Performance metrics are as follows:

Models | ListOps | Text | Retrieval | Image | Pathfinder | Avg | Avg (w/o r)
--- | --- | --- | --- | --- | --- | --- | ---
**Transformer** | 36.37 | 64.27 | 57.46 | 42.44 | 71.40 | 54.39 | 53.62
AdaWavSpA | 55.40 | 81.60 | 79.27 | 55.58 | 81.12 | 70.59 | 68.43
OrthoWavSpA | 45.95 | 81.63 | 71.52 | 49.29 | 81.13 | 65.90 | 64.50
LiftWavSpA | 42.95 | 75.63 | 56.45 | 42.48 | 81.73 | 59.85 | 60.70
--- | --- | --- | --- | --- | --- | --- | ---
**Longformer** | 35.63 | 62.85 | 56.89 | 42.22 | 69.71 | 53.46 | 52.60
AdaWavSpA | 49.30 | 79.73 | 58.57 | 50.84 | 79.48 | 63.66 | 64.93
OrthoWavSpA | 39.45 | 78.41 | 79.93 | 49.93 | 79.47 | 54.96 | 54.96
LiftWavSpA | 39.40 | 78.00 | 53.27 | 40.95 | 75.80 | 57.48 | 58.54
--- | --- | --- | --- | --- | --- | --- | ---
**Linformer** | 35.70 | 53.94 | 52.27 | 38.47 | 66.44 | 49.36 | 48.64
AdaWavSpA | 37.15 | 54.75 | 61.09 | 34.93 | 65.66 | 50.72 | 48.12
OrthoWavSpA | 38.05 | 56.93 | 60.25 | 39.45 | 65.35 | 52.01 | 49.95
LiftWavSpA | 37.30 | 54.43 | 70.73 | 34.66 | 63.49 | 52.12 | 47.47
--- | --- | --- | --- | --- | --- | --- | ---
**Linear Att.** | 16.13 | 65.90 | 53.09 | 42.32 | 75.91 | 50.67 | 50.06
AdaWavSpA | 38.90 | 76.82 | 71.38 | 54.81 | 79.68 | 64.32 | 62.55
OrthoWavSpA | 39.55 | 79.45 | 69.65 | 49.93 | 78.09 | 55.86 | 55.86
LiftWavSpA | 38.35 | 73.39 | 54.06 | 44.39 | 74.46 | 56.93 | 57.65
--- | --- | --- | --- | --- | --- | --- | ---
**Performer** | 18.01 | 65.40 | 53.82 | 42.77 | 77.05 | 51.41 | 50.81
AdaWavSpA | 46.05 | 80.93 | 71.16 | 52.06 | 77.17 | 65.47 | 64.05
OrthoWavSpA | 39.80 | 79.10 | 57.67 | 48.78 | 78.09 | 60.69 | 61.44
LiftWavSpA | 39.85 | 75.96 | 52.75 | 39.97 | 76.20 | 56.95 | 58.00

## Example Usage

For implementation details, see lra_benchmarks/models/wavspa/wavspa_learn.py.
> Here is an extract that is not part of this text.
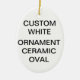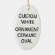 Gewohnheit druckte personalisierte OVALE WEISSE PORZELLAN-WEIHNACHTSBAUM-VERZIERUNGS-DEKORATION Raum-Schablone - 3,32" hoch x 2,37" weit. Entwurf, schaffen, machen Ihre Selbst. Ihr Foto, Bild, Text, Logo, Grafiken im farbenreichen Druck auf beiden Seiten von der Verzierung. UV-beständig, wasserdicht.

The wavelet initialization and transformation processes are crucial:
```
def setup(self):
  ## db initialization
  assert self.wlen % 2 == 0, "incompatible"        
  self.eps = 1e-4
  if "lift" in self.wavelet:
      self.adawave_est = self.param('adawave_est', nn.initializers.normal(stddev=0.02), (self.wlen, self.wav_dim), self.dtype)
      self.adawave_pred = self.param('adawave_pred', nn.initializers.normal(stddev=0.02), (self.wlen, self.wav_dim), self.dtype)
  elif "ortho" in self.wavelet:
      L = int(self.wlen / 2)
      S = jnp.zeros(shape=[2*L, 2*L], dtype=int)
      i = jnp.asarray(range(2*L))
      j = jnp.asarray(range(1, 2*L+1)) % (2*L)
      S = S.at[i, j].set(1)
      self.S = sparse.BCOO.fromdense(S, nse=2*L)
      self.S_inv = jnp.linalg.inv(S)
      self.thetas = self.param('thetas', nn.initializers.uniform(2*jnp.pi), (L, self.wav_dim), self.dtype)
  elif "db" in self.wavelet:
      self.adawave = self.param('adawave', db_init, (self.wlen, self.wav_dim), self.dtype)
  elif "sin" in self.wavelet:
      self.adawave = self.param('adawave', sin_init, (self.wlen, self.wav_dim), self.dtype)
  else:
      # default to daubechie wave, non trainable
      self.adawave = db_init(key=None, shape=(self.wlen, self.wav_dim), dtype=self.dtype)
```

Then for forward and backward wavelet transform:
```
z = wavspa.wavedec_learn(x, wavelet, level=self.level)
for level in range(len(z)):
  z[level] = nn.SelfAttention(num_heads=self.num_heads,
                              dtype=self.dtype,
                              qkv_features=self.qkv_dim,
                              kernel_init=nn.initializers.xavier_uniform(),
                              bias_init=nn.initializers.normal(stddev=1e-6),
                              use_bias=False,
                              broadcast_dropout=False,
                              dropout_rate=self.attention_dropout_rate,
                              decode=False)(z[level], deterministic=deterministic)
z = wavspa.waverec_learn(z, wavelet)[:,:inputs.shape[1],:]

```

## Datasets

Access and instructions for LRA, D2A, and CodeXGlue datasets:

* [Long Range Arena](https://github.com/google-research/long-range-arena)
* [D2A IBM official release](https://developer.ibm.com/exchanges/data/all/d2a/)
* [CodeXGlue](https://github.com/microsoft/CodeXGLUE)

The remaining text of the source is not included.